The FTSE 100 company previously dipped its toe in the market with Sage Live in 2009. Although it was never rolled out on general release, it was piloted and pulled after less than a month following security concerns – never to be heard from again. It was the company’s first foray into an internet-based system, aside from various free online add-ons. Microsoft also gave up on its Office Accounting software product, handing its customers over to Mamut after just two years in the market.

Sage product development manager for UK Mark Spencelayh explained that the market is heading towards online offerings, and Sage must make a decisive move.

However, given Sage’s recent past in producing online and offline products, it hasn’t had much luck. Last year, it launched SageOne, an online accountancy package for accountants and micro-businesses. It showed a snapshot of a company’s health, including outstanding invoices and taxes, and other financial data. But the product was criticised for being much too basic for many businesses, amid claims it would fail to revolutionise accountancy practices – although Sage recently launched a masterclass for users to get more out of the product.

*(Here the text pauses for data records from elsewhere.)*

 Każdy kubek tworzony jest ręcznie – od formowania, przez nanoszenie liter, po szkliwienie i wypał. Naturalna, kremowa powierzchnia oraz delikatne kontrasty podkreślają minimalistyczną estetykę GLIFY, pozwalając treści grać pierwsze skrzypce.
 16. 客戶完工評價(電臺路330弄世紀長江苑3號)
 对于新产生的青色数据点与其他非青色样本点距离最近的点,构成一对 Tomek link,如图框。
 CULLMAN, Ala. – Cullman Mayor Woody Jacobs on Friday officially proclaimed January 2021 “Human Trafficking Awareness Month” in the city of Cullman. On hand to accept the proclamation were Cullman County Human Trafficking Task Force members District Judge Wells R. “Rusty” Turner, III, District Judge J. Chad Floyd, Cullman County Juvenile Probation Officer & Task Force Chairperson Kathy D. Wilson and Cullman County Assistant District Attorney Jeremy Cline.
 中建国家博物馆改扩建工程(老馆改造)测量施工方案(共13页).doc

Sage also faced criticism when it introduced new tax software, iXBRL, that was dogged by various problems. IT companies around the country were forced to create iXBRL technology that allowed financial data, such as tax returns, to be filed online, highlighting specific terms and references for easier comparability.

However, just weeks before the implementation date, Sage announced its software would fail to be fully iXBRL capable, stating it would have some – but not all – of the tags required by HM Revenue & Customs. In the meantime, it would use rival Thomson Reuters’ ONESOURCE as a filler before ditching that product in favour of its own offering only months later.

Match made in heaven

Given their recent history, the latest partnership could be a match made in heaven. Wedding Microsoft’s online platform with Sage’s capabilities could be just what the two titans need.

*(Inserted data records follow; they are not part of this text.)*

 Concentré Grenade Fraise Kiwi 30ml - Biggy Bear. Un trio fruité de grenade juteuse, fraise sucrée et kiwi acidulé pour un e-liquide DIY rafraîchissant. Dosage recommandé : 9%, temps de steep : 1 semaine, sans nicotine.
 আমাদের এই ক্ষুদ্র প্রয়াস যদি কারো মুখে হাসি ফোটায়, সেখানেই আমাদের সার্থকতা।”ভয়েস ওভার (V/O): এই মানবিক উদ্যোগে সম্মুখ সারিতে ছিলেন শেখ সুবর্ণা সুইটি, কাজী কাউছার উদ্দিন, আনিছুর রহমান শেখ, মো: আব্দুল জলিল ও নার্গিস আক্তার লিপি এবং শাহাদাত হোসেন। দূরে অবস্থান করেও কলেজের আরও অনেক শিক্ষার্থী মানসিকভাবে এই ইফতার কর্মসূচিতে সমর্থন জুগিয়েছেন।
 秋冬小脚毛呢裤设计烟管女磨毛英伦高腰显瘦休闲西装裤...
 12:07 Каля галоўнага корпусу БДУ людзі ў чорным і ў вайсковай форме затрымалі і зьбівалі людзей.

The Sage 200 software is mainly aimed at larger businesses and accountants. The new partnership should allow Sage to target a wider spectrum of its customers with online capabilities, from micro-businesses to medium-sized businesses – something SageOne is currently unable to do. As part of the deal, Sage will also be able to use Microsoft’s datacentres. These centres hold clients’ data, so they can be accessed online.

While Sage customers will already be users of Microsoft products, such as Excel, the potential interoperability between product lines may prove beneficial, claimed ICAEW IT faculty head Richard Anning.

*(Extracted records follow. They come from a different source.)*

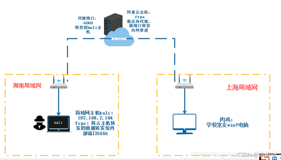 黑客在湖南局域网,肉鸡在上海局域网,你用的是自己内网里面的虚拟机kali生成的后门,你想实现控制上海的肉鸡。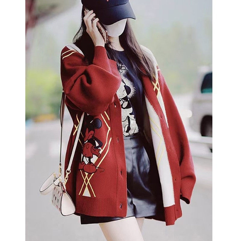 Yang Lingqing star with the diangg red Mickey sweater 2022 autumn and winter Christmas v collar medium coat coat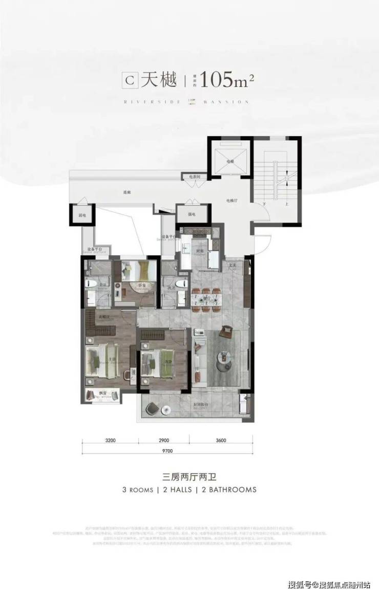 105户型亮点:5.2米大宽厅+超高实用率+收纳+边套户型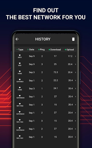 History of Wifi Test For Android is saved accurately helps you find out which internet service provider you are most satisfied. Wifi Tester app also check the wireless signal strength, network type, supplier, etc.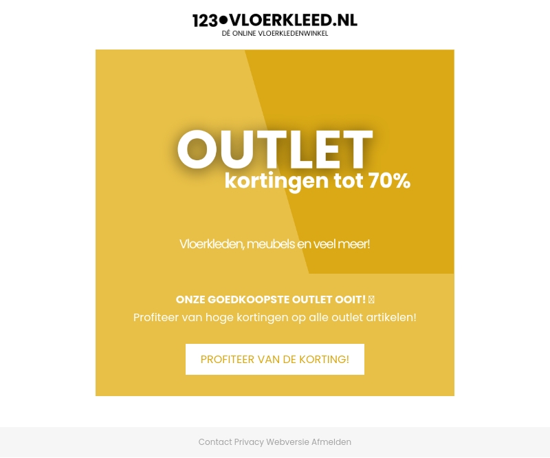 Profiteer van enorme kortingen tot wel 70% op vloerkleden, meubels en meer bij 123Vloerkleed.nl. Onze goedkoopste outlet ooit met hoge kortingen op alle outlet artikelen. Mis deze fantastische aanbiedingen niet en profiteer nu direct!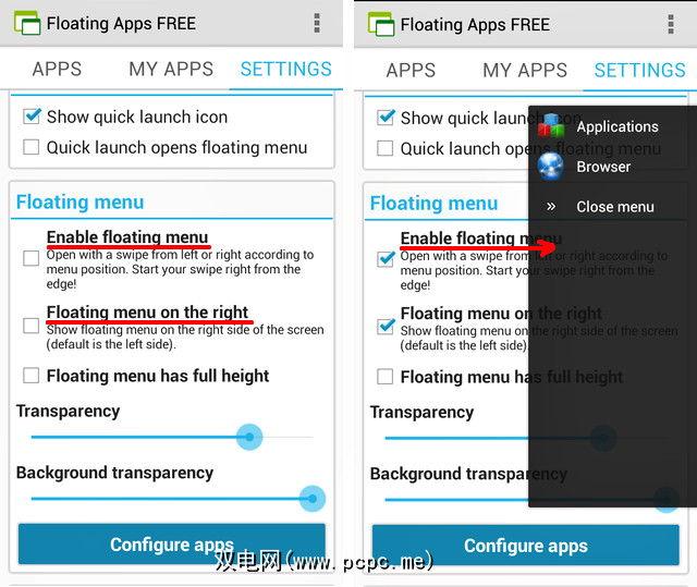 从通知栏中访问应用程序,隐藏快速启动图标,更改应用透明度,以及配置应用以使其显示在浮动菜单中,是您可以在此屏幕上进行的其他一些调整。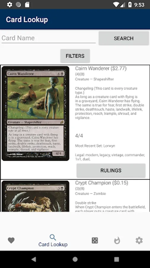 This app features a life counter for MTG games complete with fully customizable backgrounds to upload your own pictures or colors. Also featured is a full card lookup function complete with common ruling questions related to each card, as well as a dice roll feature to determine who goes first! Last but not least, it has data on the metagame for all of the most popular formats, look up what decks have been performing in top tournaments and online leagues! A great MTG life counter and MTG card lookup app!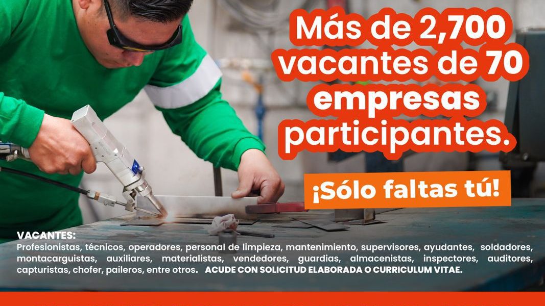 Más de 2 mil 700 vacantes estarán disponibles en esta jornada en la que se tendrá el apoyo de la Secretaría de Seguridad Pública para la expedición gratuita de Cartas de No Antecedentes Penales.
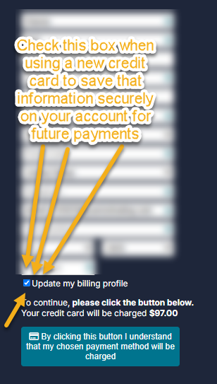 Members can update the billing information on their account by either updating the information directly, or by saving their new information when purchasing a renewal. If your membership is expired or due for payment, please see the "How to Renew" section farther down on this page, as it will show you how to both renew and update your billing information.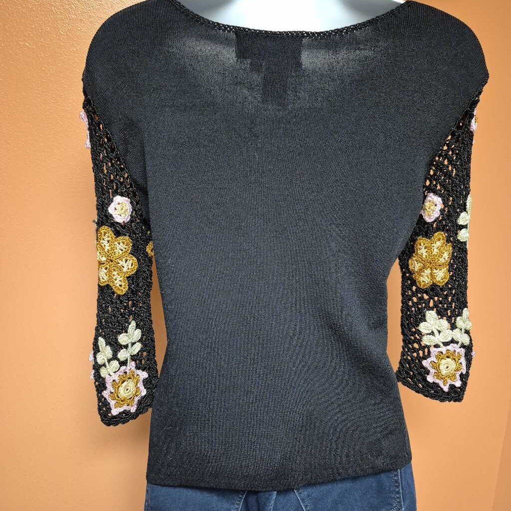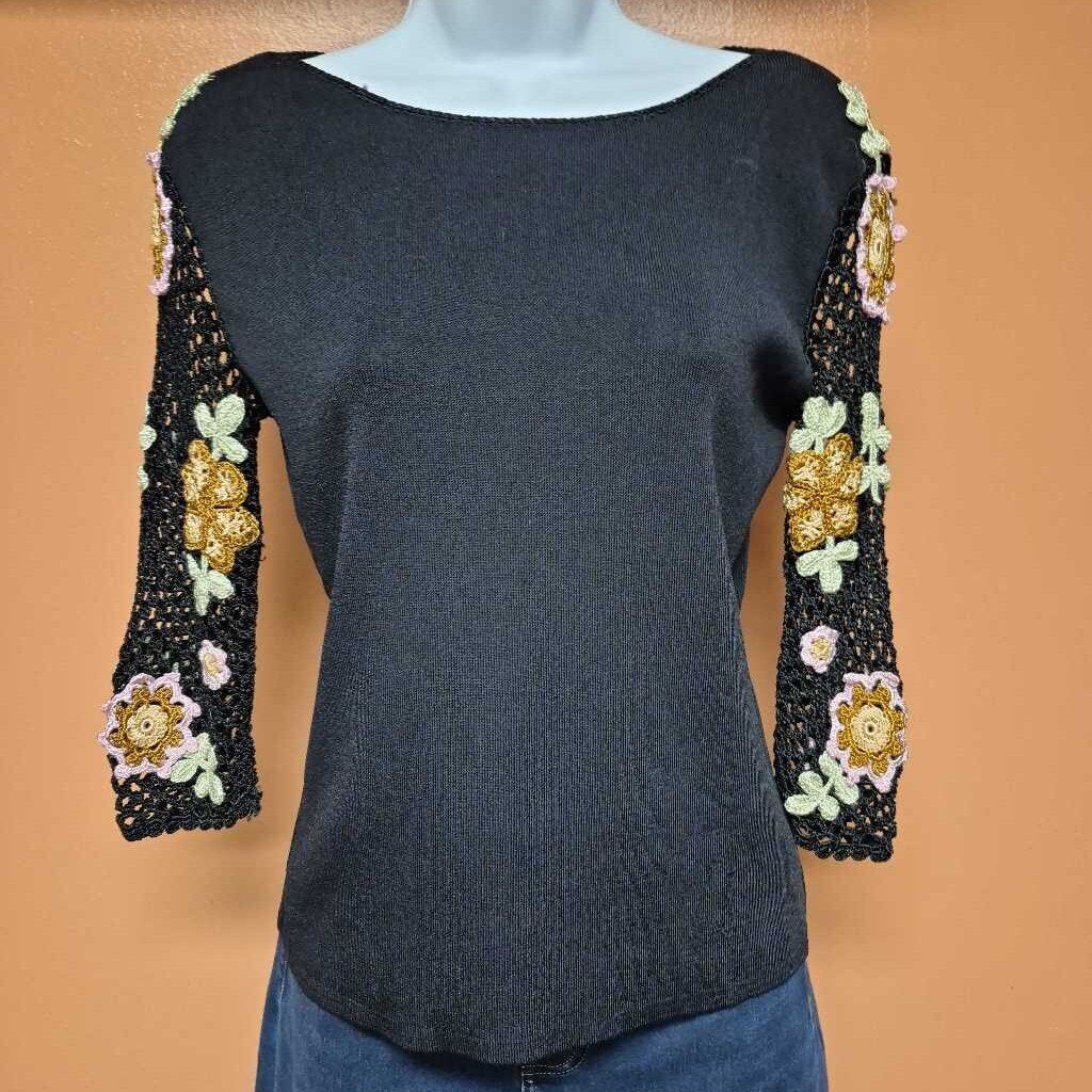 Joseph A knit sleeves w/flowers Women's Shirts small black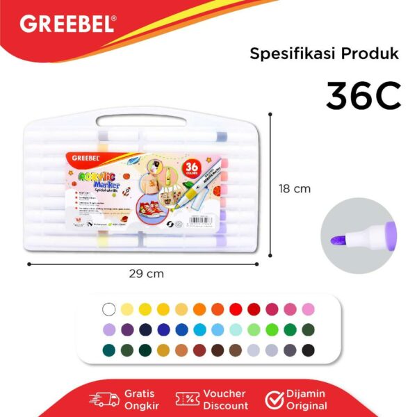 GREEBEL Acrylic Marker Single Head merupakan spidol sketsa / spidol berwarna warni yang biasa di gunakan untuk membuat gambar dikaca,tembok , sepatu maupun di baju yang biasa di gunakan oleh para seniman. Acrylic Marker Single Head di lengkapi dengan kotak berbentuk persegi yang terbuat dari plastik yang kuat dan mudah di bawa kemana saja. Acrylic Marker Single Head di lengkapi dengan warna-warna yang terang dan menarik serta tahan lama dan tidak mudah luntur yang terdiri dari 36 warna .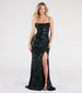 You'll shine in head-to-toe sequins on the Gabrielle formal dress boasting a lace-up back that stuns and a mermaid silhouette with a sultry high slit perfect for showing off your heels!

However, he warned that competition in the online space is already strong.

“The market for similar online products has well-established suppliers, so differentiation from existing systems will be important to gain market share,” he said.

The pilot is due to take place this month. However, Sage’s Spencelayh remains unsure how many companies will use the pilot, on what the subscription model will be based (yearly or monthly), and how the support for online services will work. But he is still keen to stick to the game plan of releasing the finished product in the first quarter of 2013.

A partnership between Microsoft’s online product Microsoft Office 365 and Sage could, in the future, bring the two products together – making it easier for businesses to transfer data in Office products to Sage offerings. However, this is not set in stone, said Spencelayh.

But while the tie-up is an exciting one, success is not guaranteed.

“Although getting into bed with Microsoft makes sense as Sage will not have to reinvent the wheel, it remains to be seen if it will work given their history,” said Cloud Associates director Richard Messik.

“Hopefully, it should work, with Microsoft’s expertise. But if they just produce an online version of Sage without generally modernising the product, it might turn out to be a damp squib.”

Whether successful or not, Sage is right to embark on providing software for the online market. But Anning warned that “Sage will have to make sure it works – and with a partner like Microsoft, failure is not an option”.